11 million Arabic-speaking children may have dyslexia. No validated tool exists to find them. Horoufy is built from the orthography up — not from an English translation.
A reading companion built inside Arabic — adaptive support that grows as your child does.
Understand where your child is struggling before they fall behind — clear reports, plain language.
Identify every at-risk child in your classroom in five minutes, without singling anyone out.
Arabic omits short vowels in everyday writing. Readers must infer them from context. For a child with dyslexia, this inference is the core failure point — and no Western tool has ever had to solve it.
There is no print phase in Arabic — children learn cursive from day one. Each of 28 letters changes shape based on position. That's up to 112 distinct forms to internalise before reading can begin.
Every Arabic-speaking child grows up speaking a regional dialect. They're tested in Modern Standard Arabic — a structurally different register they never hear at home. This diglossia compounds dyslexic difficulty in a way no European language shares.
I came to this work through every layer of the system I had spent my career building. I designed learning curricula, for schools, for adults, for institutions across the world. I trained the educators who delivered them. I managed the programmes meant to bring them to scale. And then, in early adulthood, I was diagnosed with dyslexia and dyscalculia, conditions I had been navigating, undetected, through every one of those roles. I had spent years building learning systems for children like me, without knowing I was one of them. What I understood from that is not that the system overlooked us. It is that the tools were never built for us in the first place. Arabic is one of the great languages of the world. Every child who speaks it deserves to read it. Horoufy is built toward that, a world where the Arabic language is fully accessible to every child who grows up inside it, regardless of how their mind learns.
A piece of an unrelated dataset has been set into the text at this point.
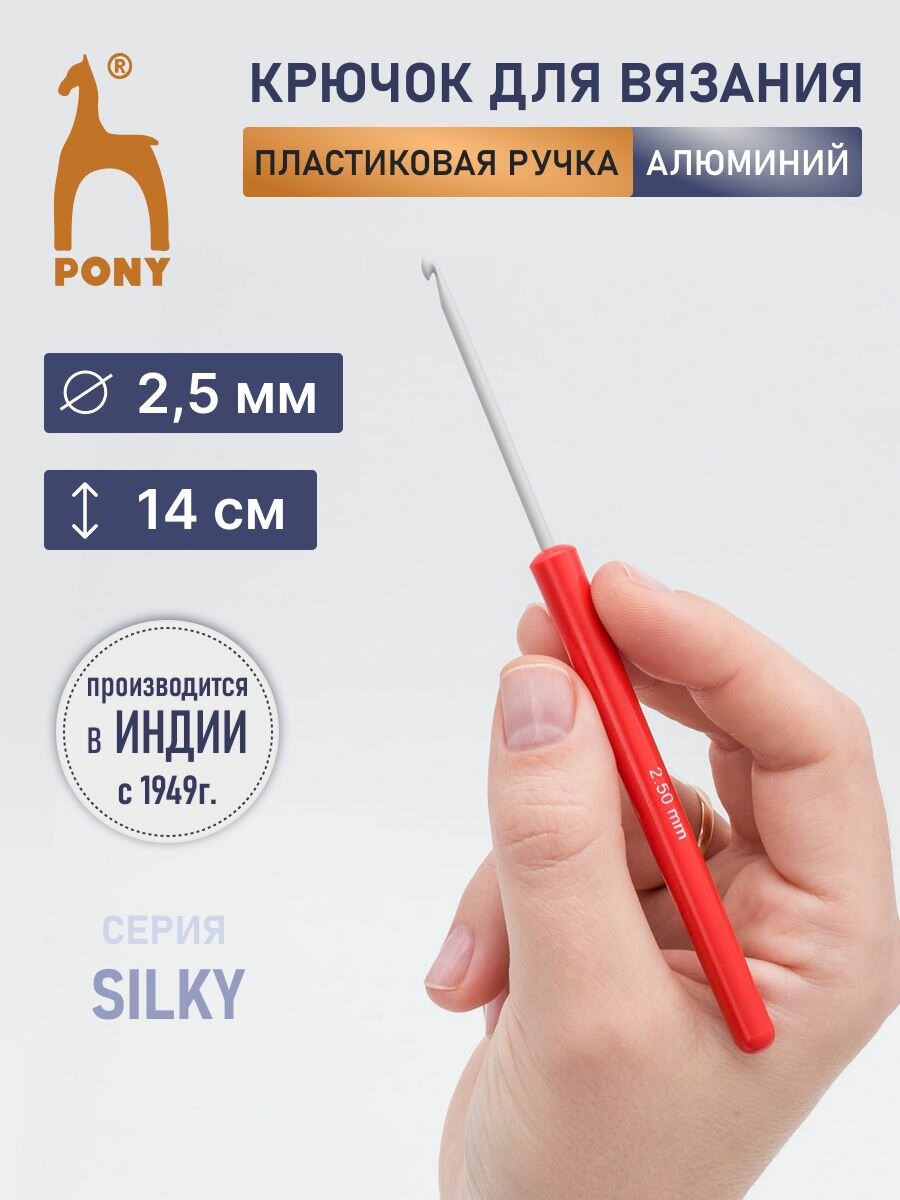 Крючок для вязания с пластиковой ручкой 2,5мм*14см, алюминий, PONY, 46202 информация:

I spent several years teaching English to young students in Saudi Arabia while also working in technology and digital product development. In classrooms I repeatedly met children who were confident speakers yet froze the moment reading began. The response was always the same more practice, more repetition, more drilling. But repetition cannot resolve a structural challenge. Arabic literacy asks learners to interpret missing vowels, shifting letter shapes, and complex visual patterns that most tools never explain. Nearly every digital reading platform used in Arabic classrooms is still a translation of software designed for English. That mismatch leaves capable students believing the difficulty lies with them. Horoufy was created to approach the problem differently, building reading support around how the Arabic writing system truly works so children can access their language with clarity rather than confusion.